So … nothing to worry you, Mrs Fitzgibbon.’

She smiled at him. ‘I think you’re right, Mr Geddes.’ To one smile add a small sigh and a pinch of resignation. ‘But I shall have to go over the place all the same.’

He cocked his head interrogatively, not quite frowning. ‘Is that really necessary, in the circumstances?’

‘Probably not, in the circumstances. But Colonel Butler is engaged in extremely sensitive work and we haven’t been able to contact him yet. So … he’s entitled to the full treatment.’

There wasn’t much he could say to that, still less object to. Every service looked after its own vulnerable next-of-kin, and their service particularly, as a matter of security as well as routine commonsense enlightenment. And when something was actually amiss the job couldn’t be skimped, he should know that.

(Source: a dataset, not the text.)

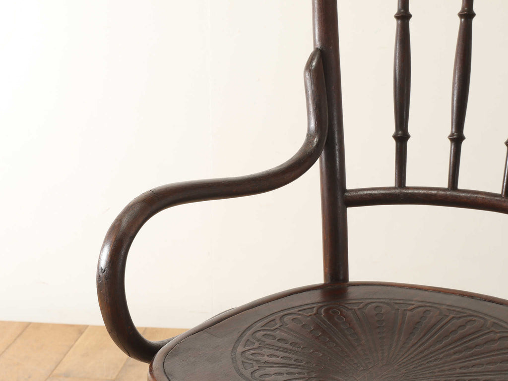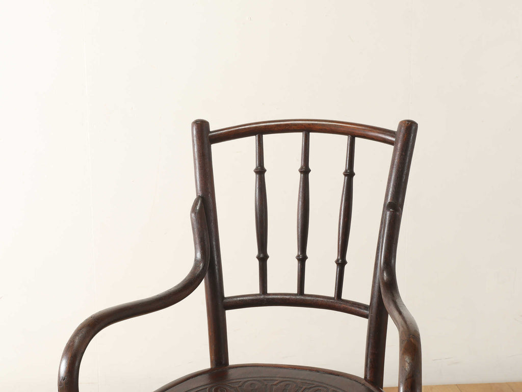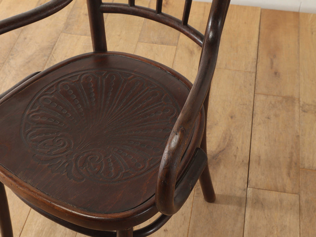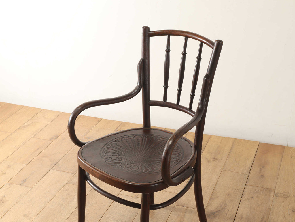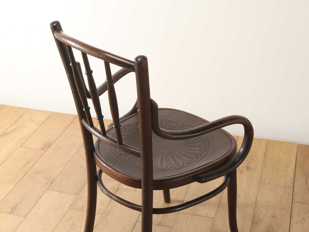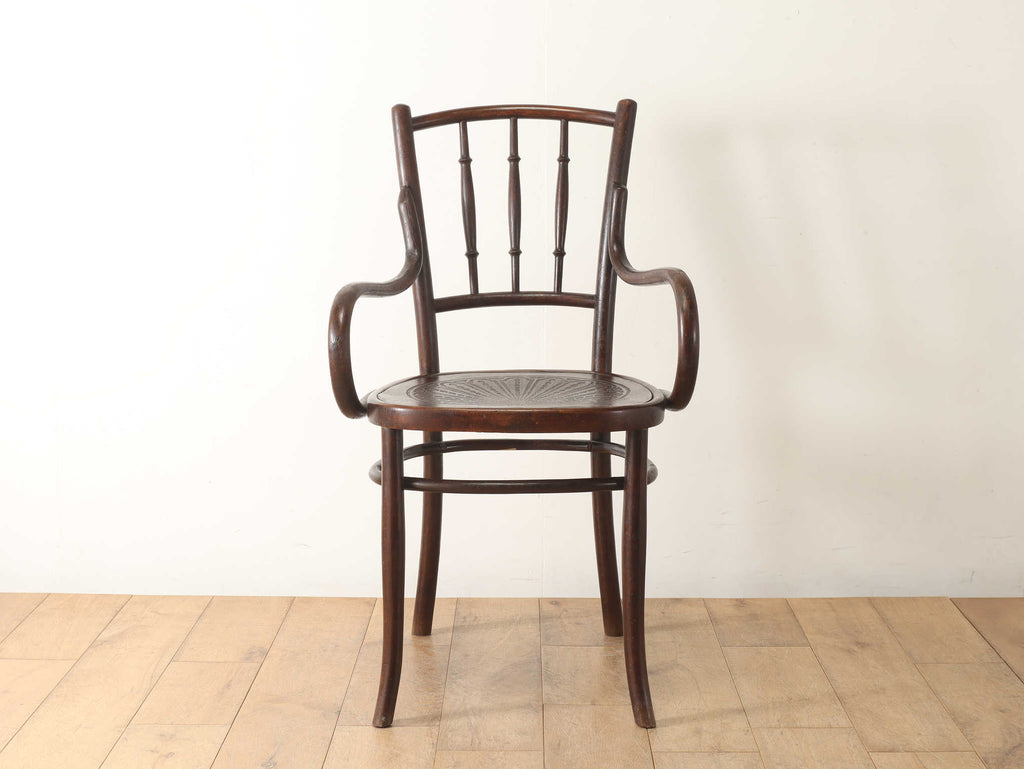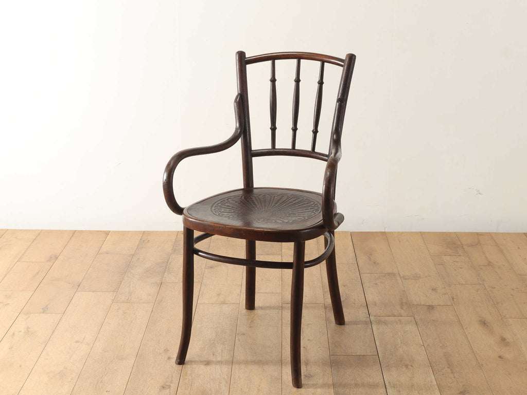 ベントウッドチェアは、蒸気で柔らかくした木材を型にはめて形成するチェアのことです。そのため片手で持ちあげられるほど軽く、美しい曲線を楽しむことができます。種類も多く少しづつ違ったデザインがあるため、お気に入りの一点を見つけるのも楽しいです。こちらは、背もたれがバンブー(竹)をイメージしています。一人がけのリビングチェアとして、またダイニングチェアとしてもお勧めな商品です。

All the same, there was no percentage in seeming to teach him to suck eggs, a woman who did that in a man’s world only encouraged chauvinism. A little calculated femininity paid better dividends.

She spread the smile. ‘Besides, the Colonel’s by way of being my boss most of the time. When he sees my signature on the release he’ll talk to his housekeeper, and if I haven’t impressed her with my devotion to duty I shall be cast into the outer darkness.’

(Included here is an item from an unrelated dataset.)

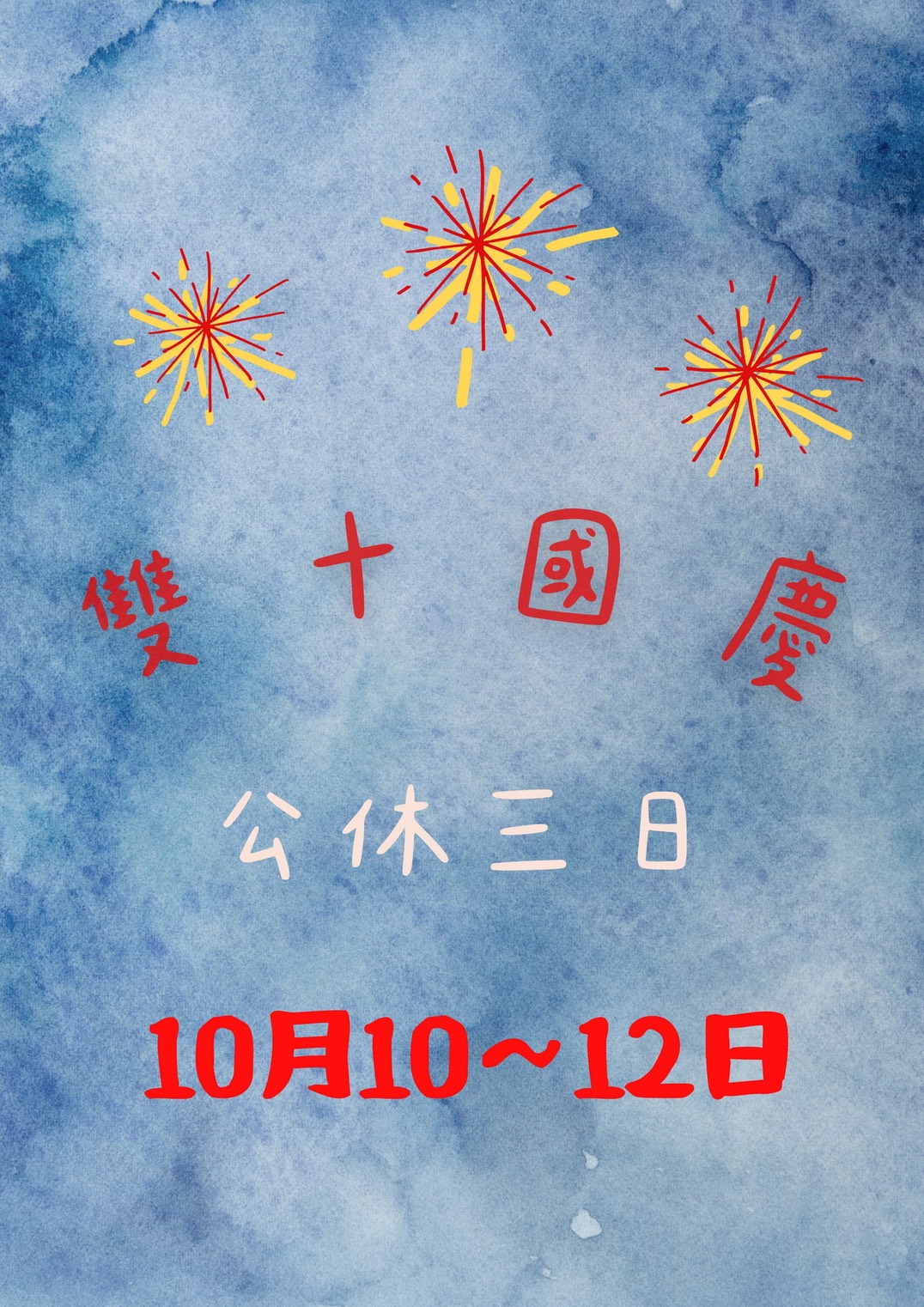 雙十節 10/10~10/12 公休三日,10/13 正常營業

‘Ah! That does make a difference—I take your point, of course.’ The corner of his mouth twitched. ‘I didn’t know that you were … acquainted with the lady.’

Frances regarded him curiously. ‘I’m not.’

‘You’re not? Ah … well, then—‘ he gestured towards the house ‘—I’d better not keep you from your duty, Mrs Fitzgibbon.’

He hadn’t produced any of the reactions she’d expected, thought Frances as she walked beside him to the iron-studded mock-Tudor door in the mock-Tudor porch. In fact, except for the momentary twitch, he hadn’t produced any reactions at all, expected or unexpected.

The heavy door was ajar, opening for her at the touch of his fingers on it. Beyond it, the entrance hall was high and spacious, with a great carved oak staircase dominating it, and gloomy in the November overcast except for the high-gloss polish of the parquet floor and the stair treads, which reflected a daylight hardly apparent outside. Frances corrected her first impression: not so much mock Tudor as Hollywood Tudor, art imitating art.

All it needed for an echo of
Rebecca
was the beautiful Mrs Butler on the staircase. But the woman on the staircase certainly wasn’t the beautiful Mrs Butler.

Frances stood her ground as Nannie—it could only be Nannie—advanced toward her. It struck her as odd that she should feel she was holding her ground, but that was how she felt.

Then, as her eyes grew accustomed to the gloom, she knew that it wasn’t odd at all, her instinct had simply been ten paces ahead of her eyesight.

Nannie wasn’t much above average height, and she wasn’t fat either, but she was … solid. Her battleship-grey twin-set matched the colour of her hair, and her hair matched the colour of her eyes. A large nose dominated her face: she levelled the nose at Frances and stared down it with all the friendliness of a gamekeeper come upon a poacher in the covert.

Frances opened her mouth in the hope that the right words would come out of it.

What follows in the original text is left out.